• _Exercise aim_: Set down word for word each line from the one containing "The Durondeau Pear" through the end of the records, both included. Do not copy any pictures.

• _Provided information_:

-*-

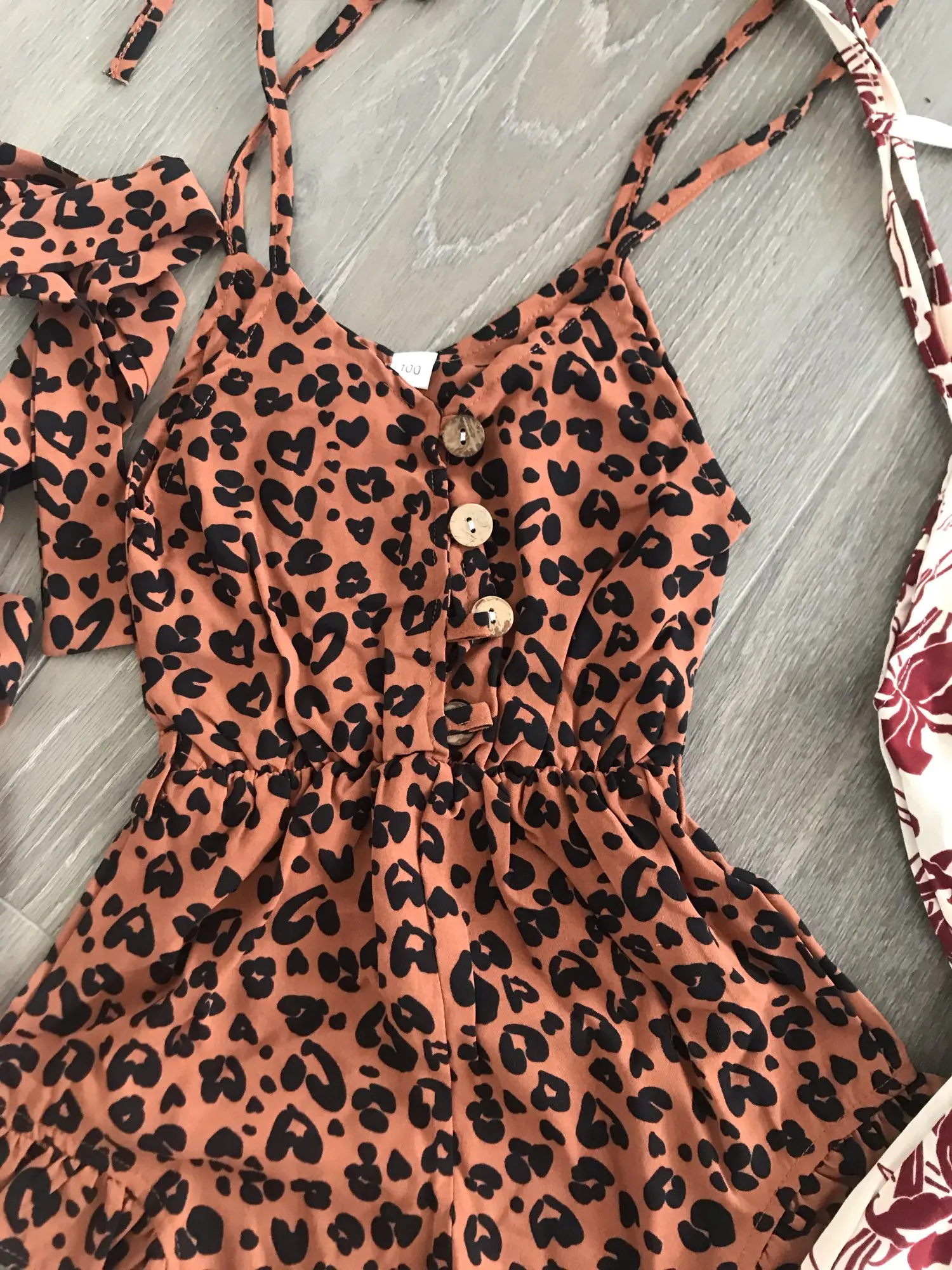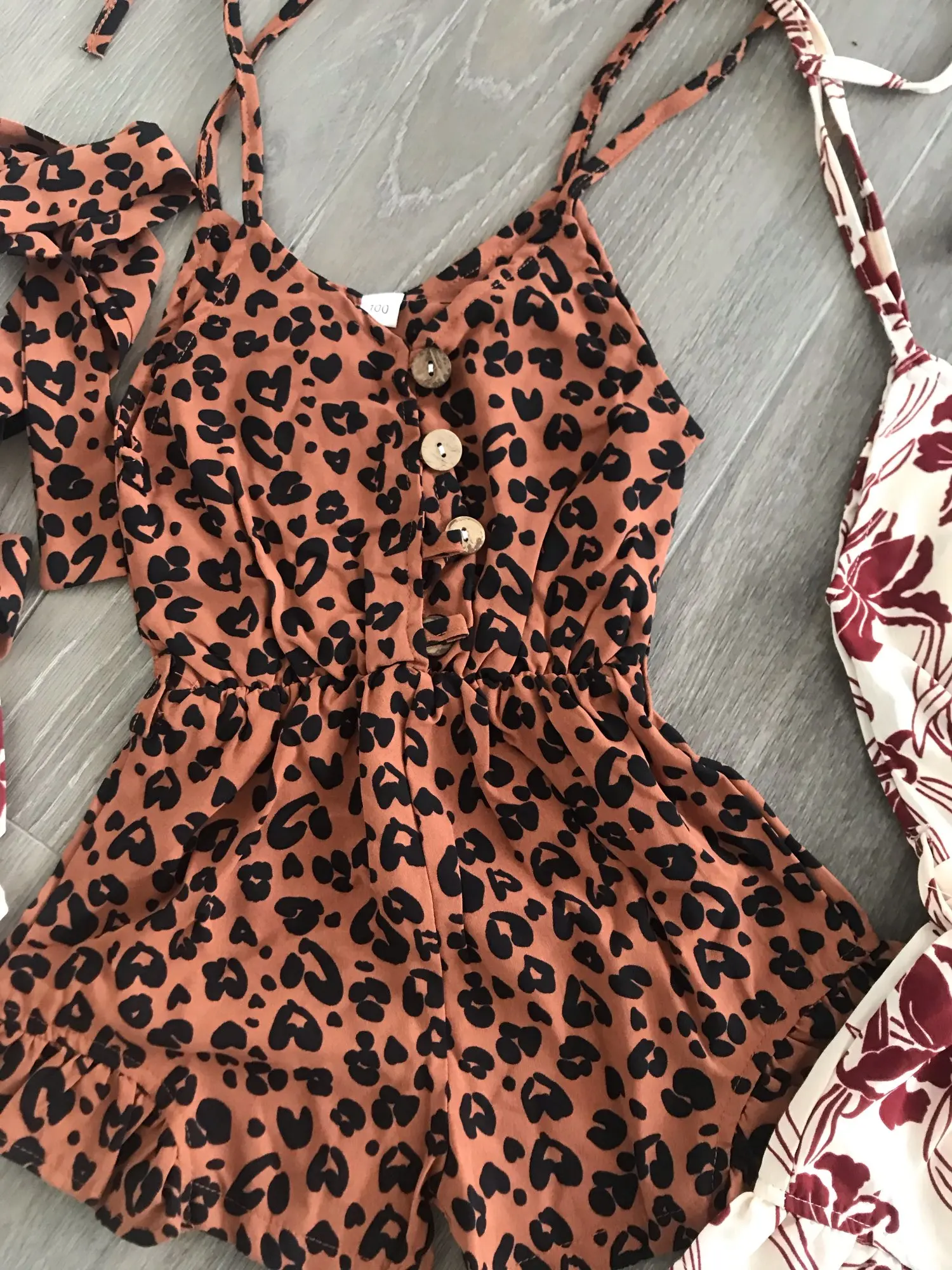 Комбинезон детский летний на бретелях, с леопардовым принтом, без рукавов, 2020
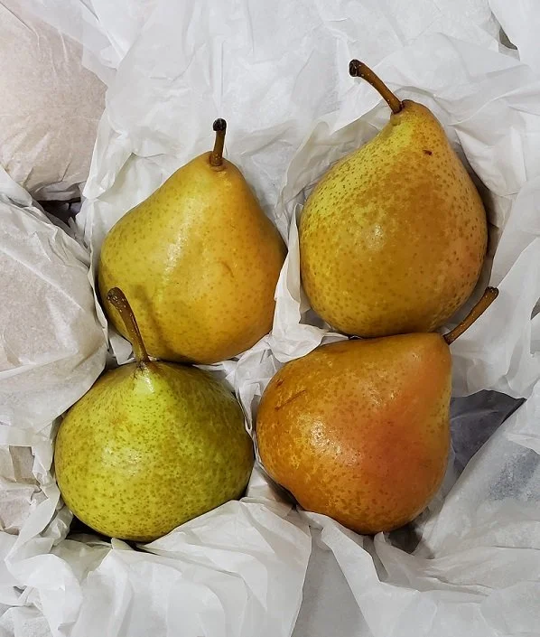 The Durondeau Pear has a golden exterior with streaks of red blush and is covered all over in a soft russet. They are a bit tart with a crisp bite and a floral flavor. Earl thought it was similar to the Winter Nellis pear or honey pear known for its sweet flavor that goes great with cheese platters or in salads. The Durondeau is not a long term storage pear but it is amazing for fresh eating and cooking. The light granular texture is similar to the Bosc Pear which is often used in desserts. The Durondeau ripens similar to the Bosc, which gives less than other pears when you apply gentle pressure at the neck. As a reminder pears ripen from the inside out.
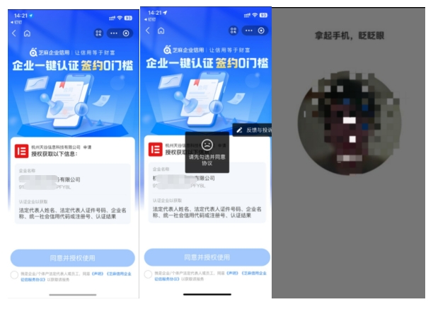 支付宝小程序中点击【同意并授权使用】后,法人完成扫脸,扫脸成功后完成企业实名认证。
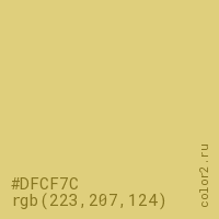 Цвет #DFCF7C в цветовой модели RGB обозначается тремя октетами (223, 207, 124) в десятичном формате и #DFCF7C в шестнадцатиричном (hex) формате, которые являются интенсивностью красного 223 (hex DF), интенсивность зелёного 207 (hex CF) и интенсивность синего 124 (hex 7C).
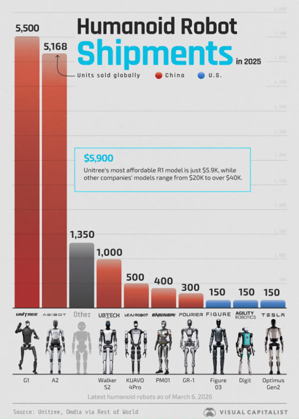 从企业出货量份额来看,中国企业表现突出。根据中国电子报发布的《2025年人形机器人市场研究报告》,宇树科技(Unitree)出货量和市场份额在全球排名第一,2025年出货量超过5500台。此外,宇树科技的产品在技术上也位居世界前列,价格也相对亲民。例如,其最便宜的R1型号售价仅为5900美元,而该公司还出售售价1600美元的机器狗。

-*-

• _Answer to the problem_:
 The Durondeau Pear has a golden exterior with streaks of red blush and is covered all over in a soft russet. They are a bit tart with a crisp bite and a floral flavor. Earl thought it was similar to the Winter Nellis pear or honey pear known for its sweet flavor that goes great with cheese platters or in salads. The Durondeau is not a long term storage pear but it is amazing for fresh eating and cooking. The light granular texture is similar to the Bosc Pear which is often used in desserts. The Durondeau ripens similar to the Bosc, which gives less than other pears when you apply gentle pressure at the neck. As a reminder pears ripen from the inside out.
 支付宝小程序中点击【同意并授权使用】后,法人完成扫脸,扫脸成功后完成企业实名认证。
 Цвет #DFCF7C в цветовой модели RGB обозначается тремя октетами (223, 207, 124) в десятичном формате и #DFCF7C в шестнадцатиричном (hex) формате, которые являются интенсивностью красного 223 (hex DF), интенсивность зелёного 207 (hex CF) и интенсивность синего 124 (hex 7C).
 从企业出货量份额来看,中国企业表现突出。根据中国电子报发布的《2025年人形机器人市场研究报告》,宇树科技(Unitree)出货量和市场份额在全球排名第一,2025年出货量超过5500台。此外,宇树科技的产品在技术上也位居世界前列,价格也相对亲民。例如,其最便宜的R1型号售价仅为5900美元,而该公司还出售售价1600美元的机器狗。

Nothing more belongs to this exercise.